But perhaps the quirkiest application of graph theory comes from an internal organisational structure analysis a Hungarian firm did. While the internal hierarchical structure is often used to pass down comms, it is often true that informal networks play a huge impact in employee perception. An accurate graph of such informal networks can be quite useful to identify silos between functions, and equally help identify powerful nodes. This Hungarian firm realised that the perception the frontline staff had absolutely nothing to do with the intentions of the senior management. So they conducted a study asking the employees one simple question - Who do you look up to for advice on work related matters when you need it?

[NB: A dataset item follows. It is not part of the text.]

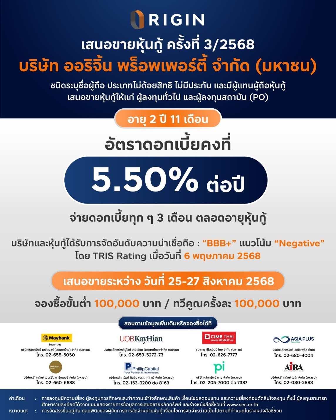 ทั้งนี้ ตลอดปี 2568 ที่ผ่านมานี้ ออริจิ้น พร็อพเพอร์ตี้ ได้มีการเสนอขายหุ้นกู้ต่อผู้ลงทุนทั่วไปมาแล้ว 2 ครั้ง ในช่วงเดือนกุมภาพันธ์ และเมษายนที่ผ่านมา

In this graph, the different nodes are different employees. The edges, or connections between nodes, indicate who that employee looks up to for advice. Do you notice the hubs?

Their informal network graph clearly showed hubs, containing lots of nodes with incoming connections. They figured out that health and safety employee - who travels to all the sites, who is a jolly-good fellow well liked by all the frontline staff, who spends lots of time on the shop floor- is that red hub and has a disproportionate number of people saying they looked up to him for advice. He was clearly passing on his own views about the leaderships' actions. What do you suggest we do with him?

Why do we need to apply machine learning techniques on graphs at all to begin with?

One - Graphs are notoriously incomplete. We often lack critical information. Think of a bank with millions of bank accounts but with no clear knowledge of which accounts are use for fraudulent purposes. Deep learning techniques are extremely effective in such areas being able to do node classification tasks.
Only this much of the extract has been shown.